How much do we trust a student’s answer about drug use?

Shiny

Drug Use

Bayes

Authors

Francisco Cardozo

Pablo Montero-Zamora

Published

July 6, 2024

Confidence in students’ survey responses is often questioned when researching drug use, as it can be difficult to determine whether students are being truthful about their alcohol and other drug consumption. This concern is valid because self-reported drug use data can be influenced by various reporting biases. For instance, some students may underreport their drug use (i.e., deniers), while others may overreport (i.e., braggers). It is crucial to understand how these biases can impact the validity of research findings and to take steps to minimize their influence.
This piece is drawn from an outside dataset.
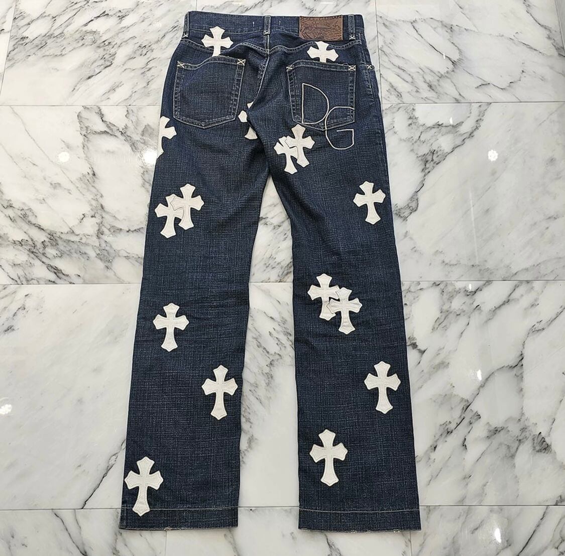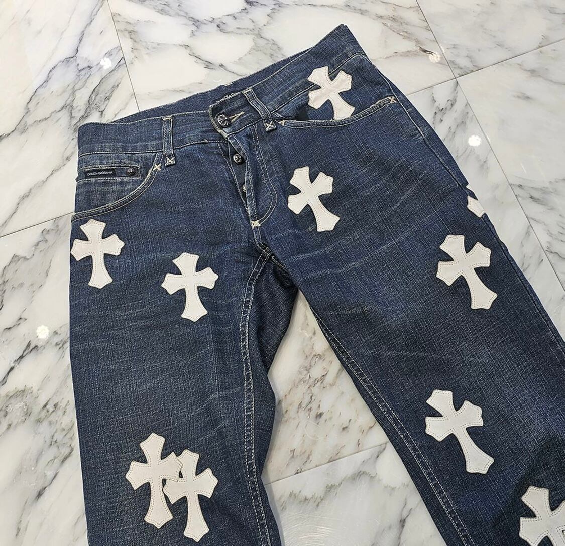 CHROME HEARTS × DOLCE & GABBANA VNTG Cross Leather Patch Jeans Size 44 クロムハーツ × ドルチェ&ガッバーナ ヴィンテージ クロスレザーパッチ ジーンズ デニムパンツ CHプラス装飾 レザーパッチ クロスパッチ

To examine this issue, we created a simulation-based app. This app can analyze the potential effects of deniers and braggers at different prevalence levels. It aims to improve understanding of how these biases affect research validity and to develop strategies to minimize their influence. By simulating different scenarios and analyzing the results, researchers can better understand the impact of deniers and braggers on research findings and take appropriate steps to mitigate these biases.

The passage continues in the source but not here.